The Josephine County Sheriff's Department made headlines last year when it cut its patrols and jail staffing to the bone following the defeat of a public safety levy. The department no longer patrols the roads day and night, and the jail has been drastically reduced to 60 beds, half of which are reserved for federal prisoners.

Josephine County commissioners have authorized a vote on a three-year property tax with a rate of $1.48 per $1,000 of assessed property value to fund the criminal justice system. The proposal is expected to appear on the May 21 ballot. (Tax rate information corrected from earlier version.)

Rep. Wally Hicks, R-Grants Pass, hopes Josephine County can figure out a way to fund the Sheriff's Department.

"I am highly concerned about the situation as a whole," Hicks said.

Hicks doesn't want OSP to shift its resources from one place to another, already stretching a department with low staffing levels to the breaking point.

"When you redirect those patrols from Central Point, you leave a whole swath of Interstate 5 near the border without 24-hour patrols," Hicks said.

Jackson County Commissioner Don Skundrick said it would better serve all of Southern Oregon if Josephine County could resolve its budget mess.

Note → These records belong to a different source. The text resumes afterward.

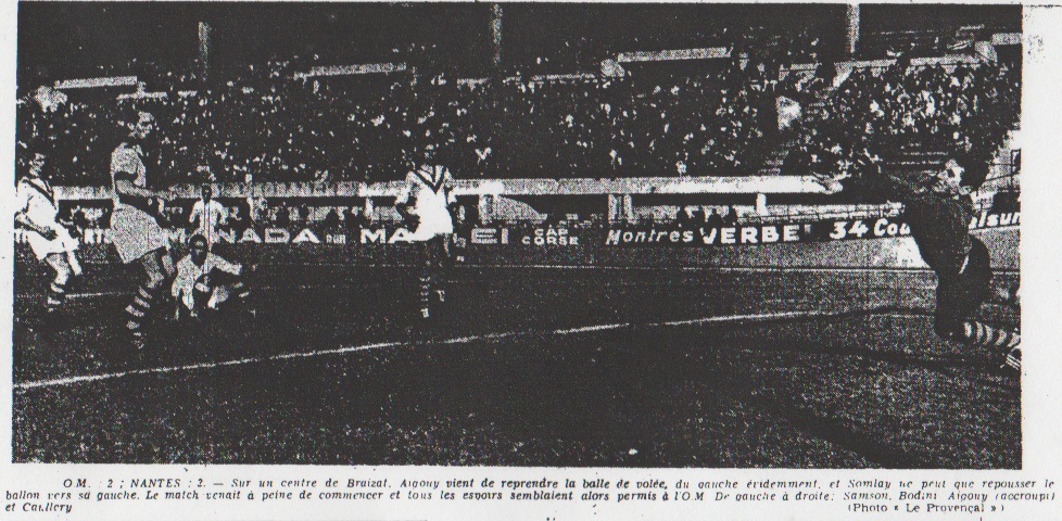 Ceci se passait peu avant la mi-temps. A la reprise, les Nantais, maîtres du jeu pendant les premières vingt minutes, commirent l'erreur de vouloir vivre sur cette avance, en se contentant de faire courir le ballon... ... Et l'inévitable, en pareil cas se produisit, l'O.M. égalisa et termina la rencontre au sprint. Mais combien laborieux, pour les Marseillais, avait été ce match nul, qui leur permet, cependant de rester dans la course. Du mauvais O.M. A l'issue de la rencontre, les opinions sur les joueurs de l'O.M. étaient très partagées. Disons, pour être juste que c'est l'équipe dans son ensemble qui a joué sans style et sans personnalité. Ses meneurs de jeu habituels, Eschman et Oliver, ont sombré dans le désordre ambiant ; et même le calme Corazza n'est pas exempt de reproches. Nous pensons surtout, à ce fâcheux dégagement au poing, en seconde mi-temps, indigne de la casse du gardien ex-messin. Nous n'insisterons pas trop sur la faiblesse de Moresco, sur la lenteur de Braizat au demeurant bon technicien, sur l'imprécision des demis et des arrières, tellement ces faits parurent patents. Ce n'est pas en jouant de cette façon que l'O.M. à la moindre chance de "monter". A Nantes, Carpentier, Samson, Dereuddre, Schindlauer, Couronne et Moudio émergèrent, dans un ensemble de bonne valeur pour la Deuxième Division. Maurice FABREGUETTES. |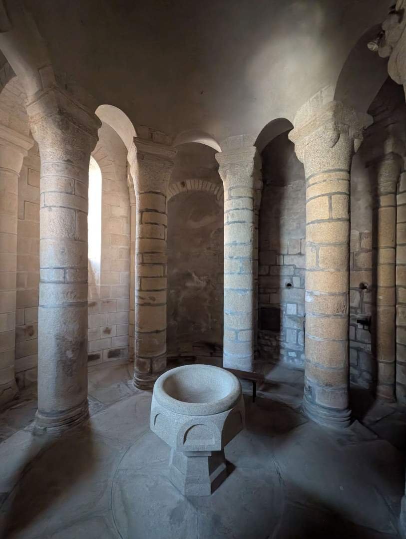 Visitamos la colegiata de Saint Léonard de Noblat. Papi entró un momento y salió diciendo que era bonita, pero lo que más le llamó la atención fue una especie de capillita pegada al edificio, con su fuente bautismal incluida. Yo lo escuchaba pensando: “mientras no inventen la pila perruna… todo bien”.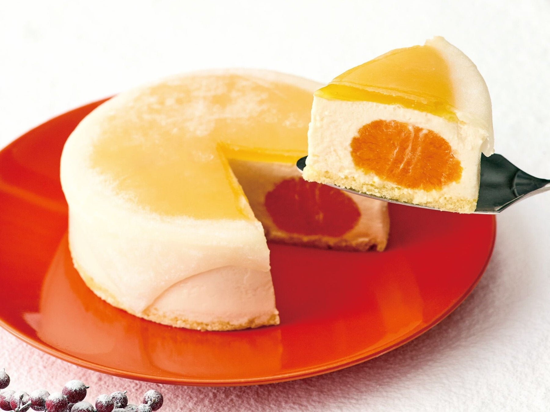 北海道産クリームチーズを使ったチーズムースの中にみかんを丸ごと 5 つ入れた食べ応えがあるケーキに仕上げました。天面には「せとか」を使用したソースを乗せて爽やかな甘みをプラス。その上からもちもちとした求肥で優しく包み込み、お正月にぴったりな華やかなケーキに仕立てました。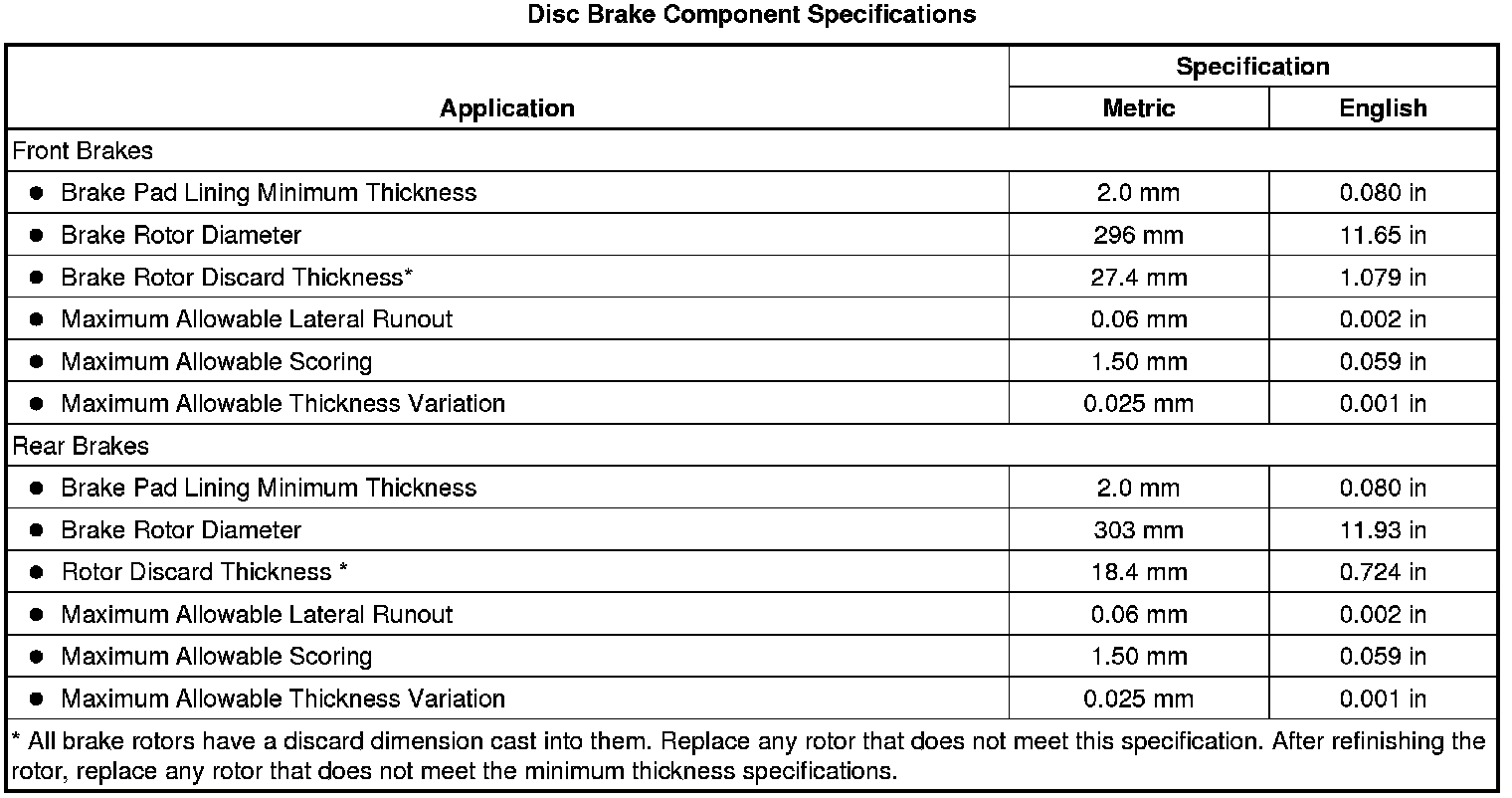 Disc Brake Component Specifications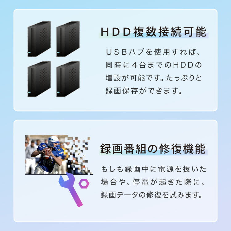 *外付けHDDを使用して録画する際、HDDがEXFAT形式であることを確認してください。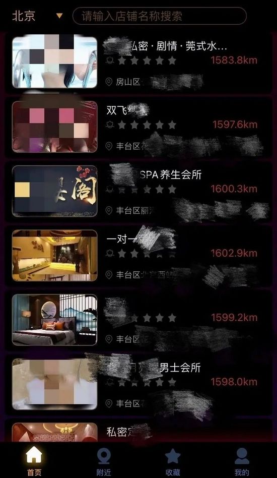 首次打开这款App,选择所在城市后,首页随即便出现了相应的会所列表,这些会所名称露骨直白,如“高端私密嫩妹服务”“全国高端外围”“双*纯情”“*式一套龙”等,在简介中,则披露了各式服务项目、性服务者照片、价格、联系方式等。
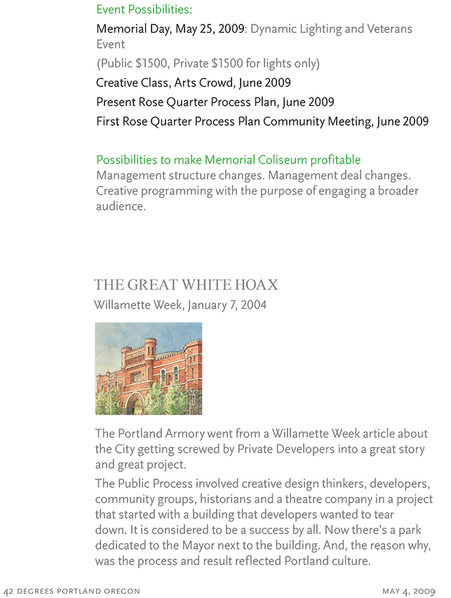 This is the handout that the Friends (then known as '42 degrees') distributed to the City Council on May 24, 2009. We were trying to get across the point that saving Memorial Coliseum was a bold move that could attract national attention and help bring on a rejuvenation of the Rose Quarter.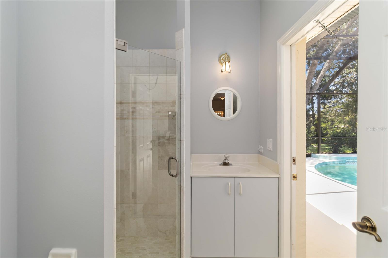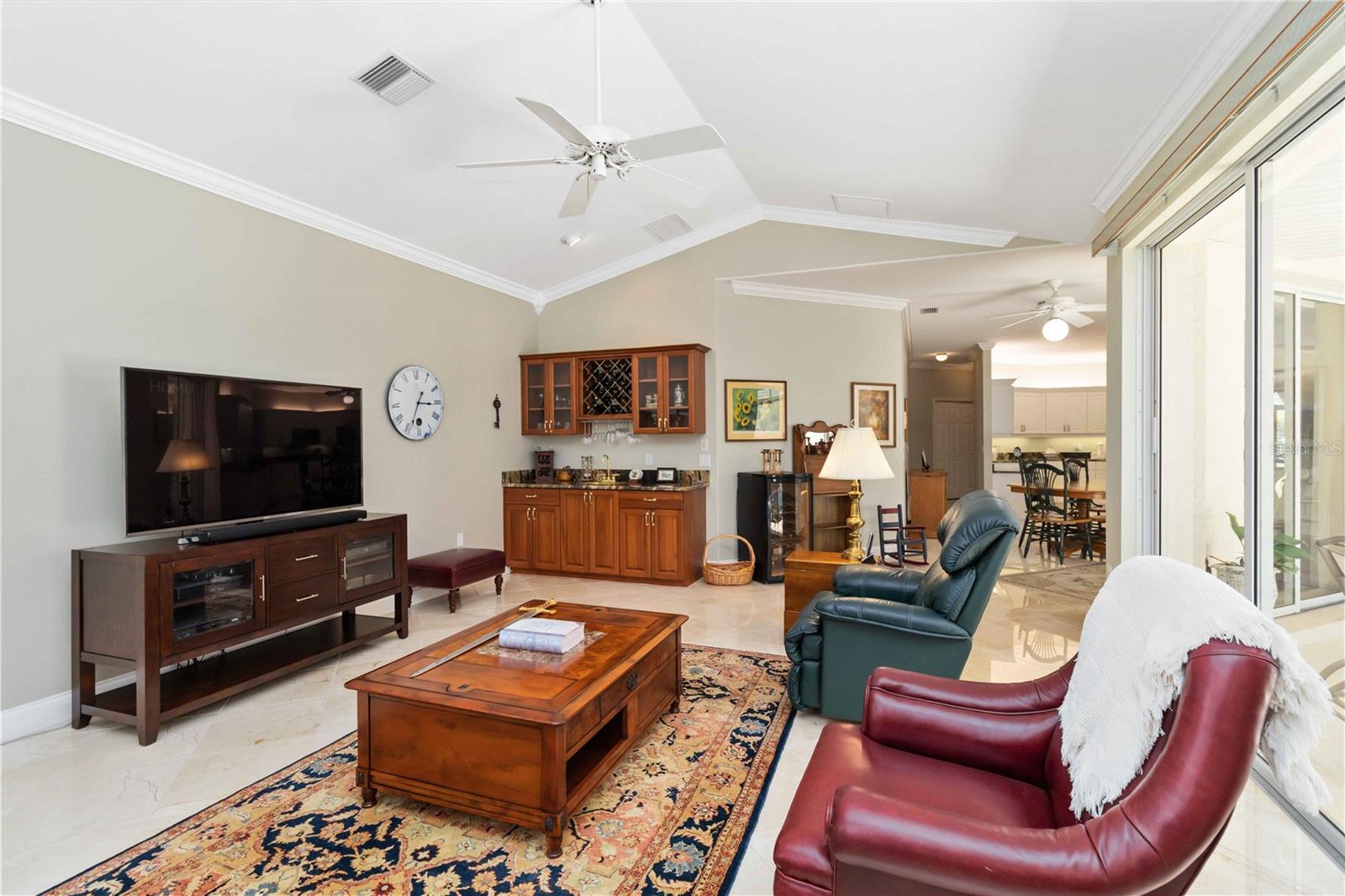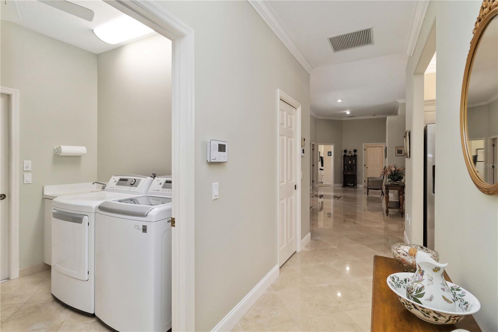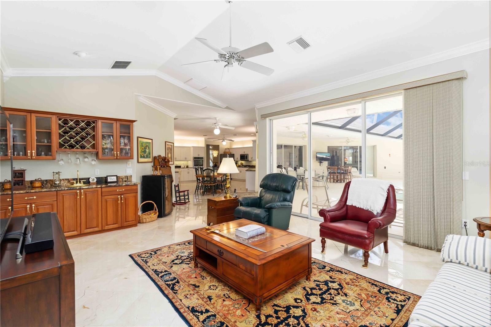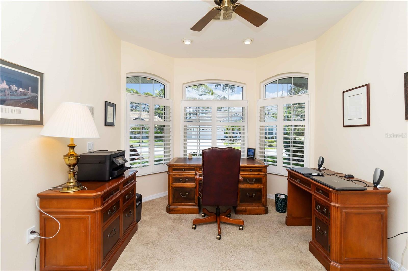 Nestled within the esteemed Calusa Lakes community, 2067 Tocobaga Lane in Nokomis is a meticulously designed and maintained 3,466-square-foot residence that seamlessly blends luxury and functionality. This expansive home features three bedrooms, an office, and 3.5 bathrooms. This magnificent, upscale home on a heavily treed lot reflects custom craftsmanship from the medallion inlaid tiled front porch with a new electronic lock and brass door hardware to the large 411 sq. ft. PebbleTec surfaced, heated saltwater pool in a new (2025) 150 mph rated cage with extra fine screening to keep out no-see-um’s. This is one of the largest lanais in Calusa Lakes. The lanai overlooks the 13th fairway of Mission Valley CC, it is well lit and has ceiling fans and outdoor speakers. Inside, the home has imported marble flooring with high baseboards and crown molding throughout the main living areas. The bedrooms and den are carpeted. The expansive kitchen/eating area is a cook’s dream with all stainless-steel appliances, a granite center island and counter tops, a five-burner propane stovetop, under and over cabinet lighting (the over cabinet is adjustable LED), abundant cabinet storage, a walk-in pantry, and a motion sensor activated Kohler faucet above the double stainless-steel sinks. The eating areas easily seat nine guests. The family room has a wet bar with a wine rack and glass storge unit above the sink. Pocket sliding doors open out onto the lanai. A large panoramic, impact resistant four window set overlooks the golf course. The formal living and dining rooms exude elegance; the living room also has pocket sliding doors opening onto the lanai. There are ceiling fans throughout the home. The large master bedroom has two walk-in closets and offers a serene private retreat with pocket sliding doors opening onto the lanai, plantation blinds (including for the pocket doors) for privacy, and two full bathrooms. One of these is a pool bathroom that opens to the lanai for entertaining convenience. The master bath includes dual vanities, a jetted tub, a large walk-in tiled shower with a handheld unit/a rainmaker shower head/and three body spray heads combination as well as a private area for the commode. One of the two guest bedrooms has a walk-in closet. The guest bathroom has a mosaic tile floor and tiled shower with both a rainmaker shower head and handheld unit. The entire guest area has plantation blinds. The bay window den overlooks the front of the home and has plantation blinds. There is also a large laundry room complete with a sink. A new roof was installed in 2019 and a new energy efficient HVAC system in 2020. The HVAC system includes three programmable thermostats for the three zones in the home as well as a high efficiency filter and UV light. The oversized garage accommodates two cars and has a large additional area (678 square feet) ideal for a workshop or extra storage. The home has a robust security system installed with a glass break detector and motion sensors as well as dual control pads; one is in the master bedroom. There is a central vacuum system as well. You will be conveniently located 8 minutes from Sarasota Memorial Hospital’s Venice campus, I-75, and US 41. Calusa Lakes is a semi-private golf course community located near beautiful beaches, shopping, churches, fine dining, and the Legacy Trail for biking and hiking. This home is the complete package – a must see.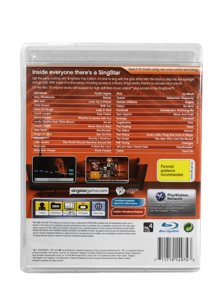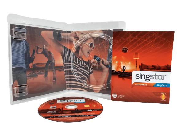 Excellent condition & 100% Complete with Contents: SINGSTAR POP EDITION for SONY PlayStation 3 / PS3. This preowned game is in superb condition and comes complete with original case, cover, manual / booklet, and game disc. Genuine UK print with the signature 12+ embedded in the cover art in place of the PG classification. A tidy and complete collector’s item.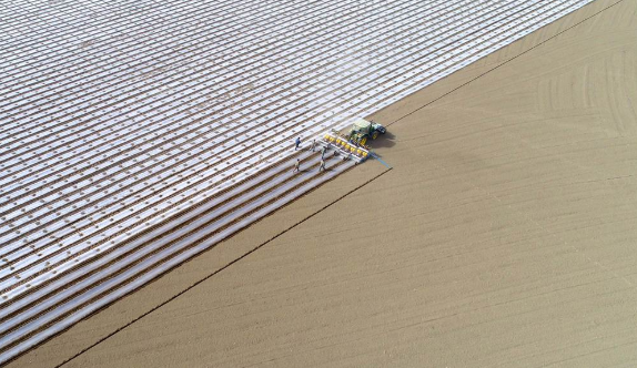 2019年,新疆一臺裝有衛(wèi)星定位導航系統(tǒng)的大型播種機正在播種棉花。(圖/中新社)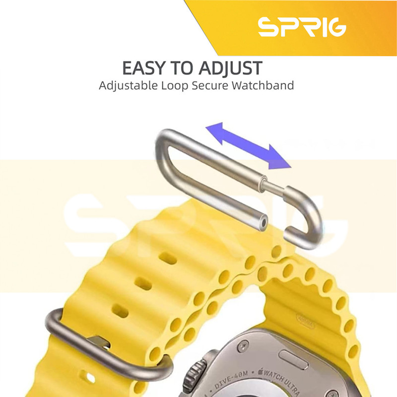 بند اسپریگ مدل Ocean سبک وزن، بادوام و قابل تنظیم، به طور یکپارچه از دو لایه پارچه، بدون دوخت بافته شده می باشد. از قلابهای تیتانیومی مقاوم در برابر خوردگی و بدون زنگ زدگی برای اتصال ایمن استفاده می کند. نوار ساخته شده از جنس سیلیکون سازگار با پوست، قابل تنفس، مقاوم در برابر عرق و مقاوم در برابر آب میباشد. همچنین با قلاب تیتانیوم ، سبک وزن میباشد. مناسب برای کوهنوردی، پیاده روی، دویدن، صخره نوردی، دویدن، دوچرخه سواری و سایر ورزش های ماجراجویی در فضای باز میباشد. بندهای طراحی شده برای ساعت اپل دارای یک هوک فلزی قابل تنظیم برای انعطاف پذیری و ایمن کردن بند شماست.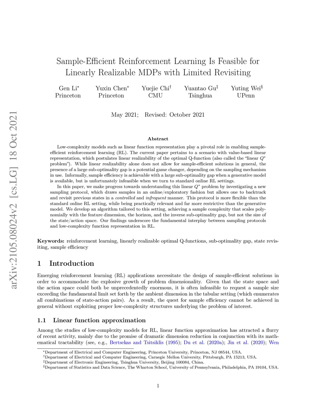 Sample-Efficient Reinforcement Learning Is Feasible for Linearly

"OSP are good team players, but when you take a trooper out of Jackson County, it's one less law enforcement officer we have," Skundrick said.

Medford police Chief Tim George echoed Skundrick's sentiments, saying that OSP is stretched to the limit, and has been for many years.

"This state needs to figure out a way to get dedicated funding for OSP," George said. "In cases like Josephine County, they are the safety valve. But they can only stretch so far."

Collins said the troopers are putting in a lot of overtime working the Josephine County calls.

"I intend this to be a temporary assignment," Collins said. "As soon as the Sheriff's Department can take over again, I'm going to bring the troopers back to Jackson County."